# PROVIDED MATERIAL
=== Begin Enclosure ===

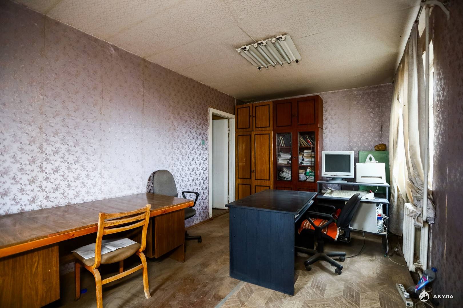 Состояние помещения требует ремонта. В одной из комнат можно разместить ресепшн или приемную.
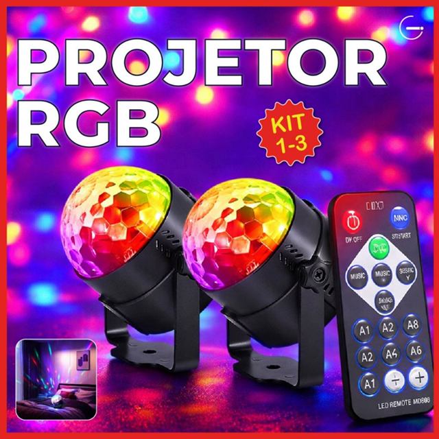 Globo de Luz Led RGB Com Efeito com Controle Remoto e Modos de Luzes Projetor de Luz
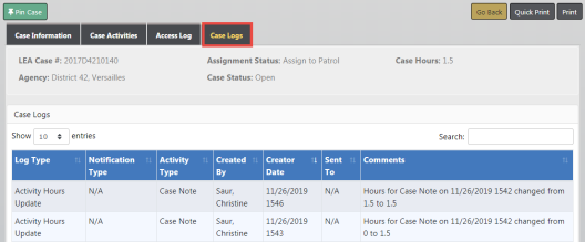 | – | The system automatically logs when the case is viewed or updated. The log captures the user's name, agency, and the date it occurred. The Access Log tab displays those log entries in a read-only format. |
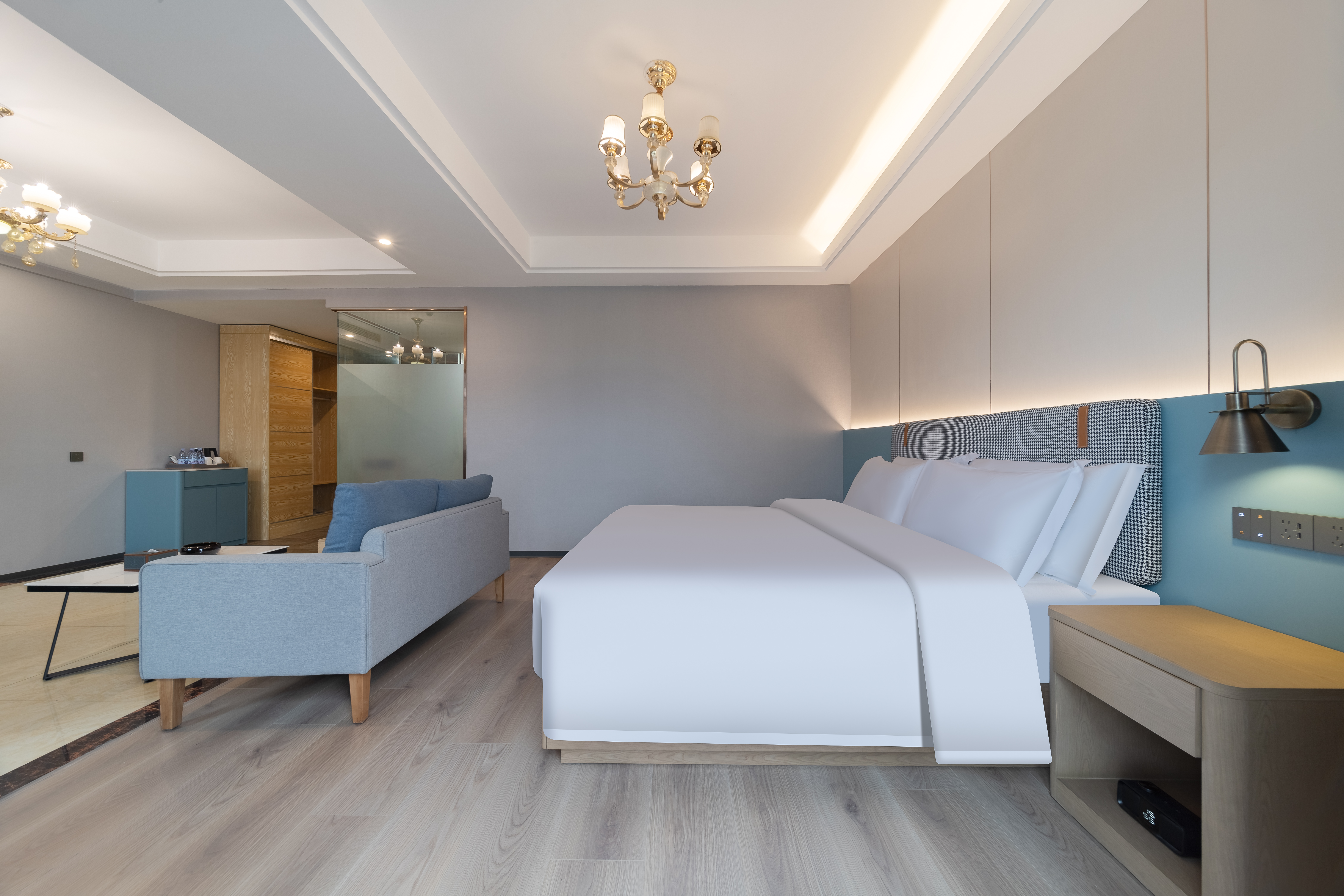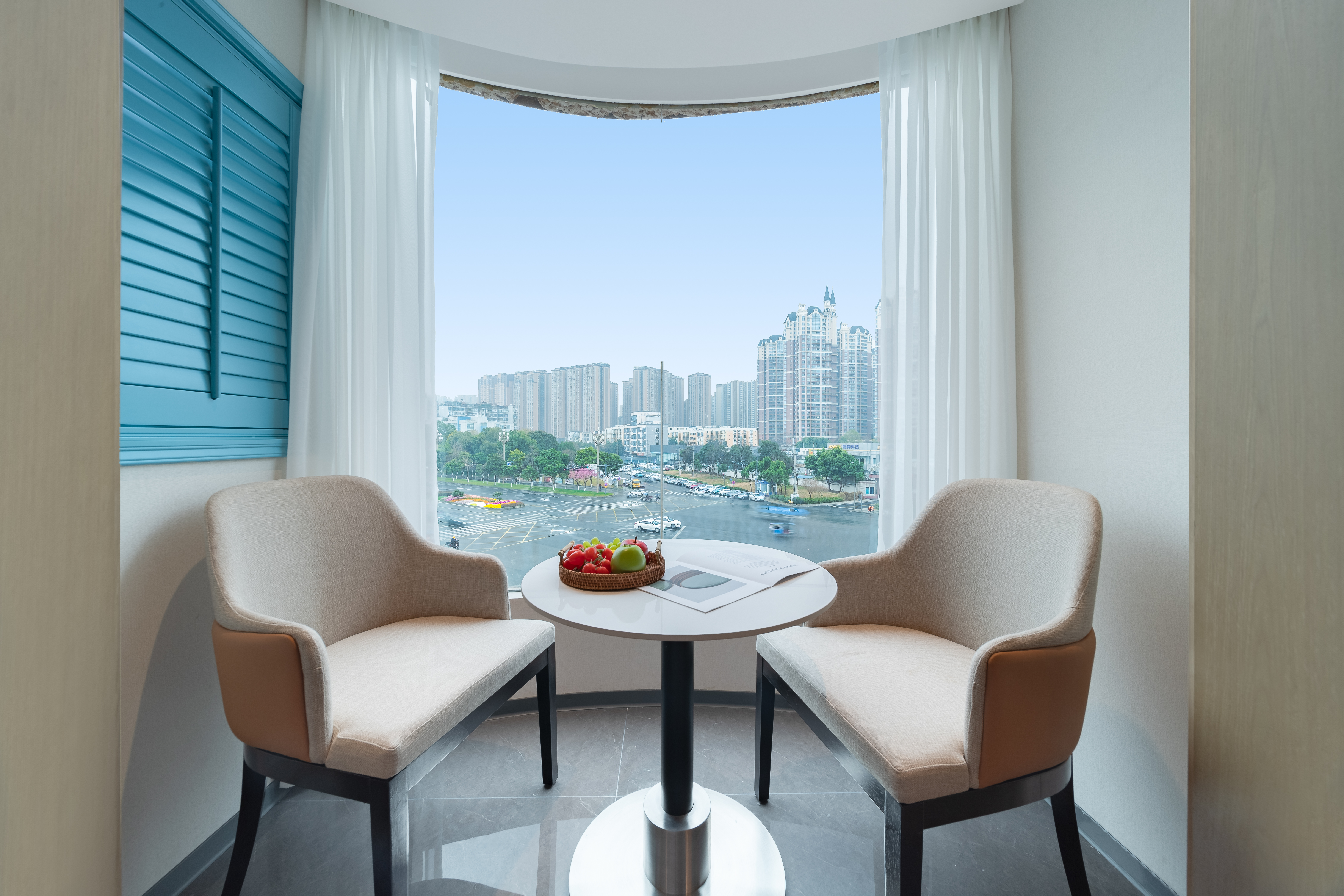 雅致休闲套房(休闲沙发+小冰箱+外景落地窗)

=== End Enclosure ===
=== Begin Enclosure ===

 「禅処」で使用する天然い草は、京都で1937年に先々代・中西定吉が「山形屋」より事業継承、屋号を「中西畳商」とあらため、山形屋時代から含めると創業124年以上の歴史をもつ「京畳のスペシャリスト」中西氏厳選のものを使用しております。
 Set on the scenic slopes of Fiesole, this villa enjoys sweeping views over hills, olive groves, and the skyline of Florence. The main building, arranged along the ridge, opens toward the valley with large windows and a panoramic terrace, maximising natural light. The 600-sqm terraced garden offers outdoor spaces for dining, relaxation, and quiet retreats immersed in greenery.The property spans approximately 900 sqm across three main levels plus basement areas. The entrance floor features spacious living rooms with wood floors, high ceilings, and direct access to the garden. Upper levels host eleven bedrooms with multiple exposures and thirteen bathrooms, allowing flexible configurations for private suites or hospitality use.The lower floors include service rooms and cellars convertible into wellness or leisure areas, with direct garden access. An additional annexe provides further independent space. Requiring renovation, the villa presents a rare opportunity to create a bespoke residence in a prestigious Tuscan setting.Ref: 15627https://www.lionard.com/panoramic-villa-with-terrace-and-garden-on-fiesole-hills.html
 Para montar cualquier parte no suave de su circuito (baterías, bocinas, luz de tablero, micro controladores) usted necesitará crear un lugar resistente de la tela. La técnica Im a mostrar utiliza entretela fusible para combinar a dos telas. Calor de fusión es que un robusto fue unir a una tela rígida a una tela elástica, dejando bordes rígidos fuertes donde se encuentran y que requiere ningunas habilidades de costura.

=== End Enclosure ===

# EXERCISE AIM
Please repeat, exactly as written, the lines in the records above, starting with the one that has "Состояние помещения требует" and going on through the one that has "雅致休闲套房(休闲沙发+小冰箱+外景落地窗)". Pictures are to be left out.

# WRITTEN RESPONSE
 Состояние помещения требует ремонта. В одной из комнат можно разместить ресепшн или приемную.
 Globo de Luz Led RGB Com Efeito com Controle Remoto e Modos de Luzes Projetor de Luz
 | – | The system automatically logs when the case is viewed or updated. The log captures the user's name, agency, and the date it occurred. The Access Log tab displays those log entries in a read-only format. |
 雅致休闲套房(休闲沙发+小冰箱+外景落地窗)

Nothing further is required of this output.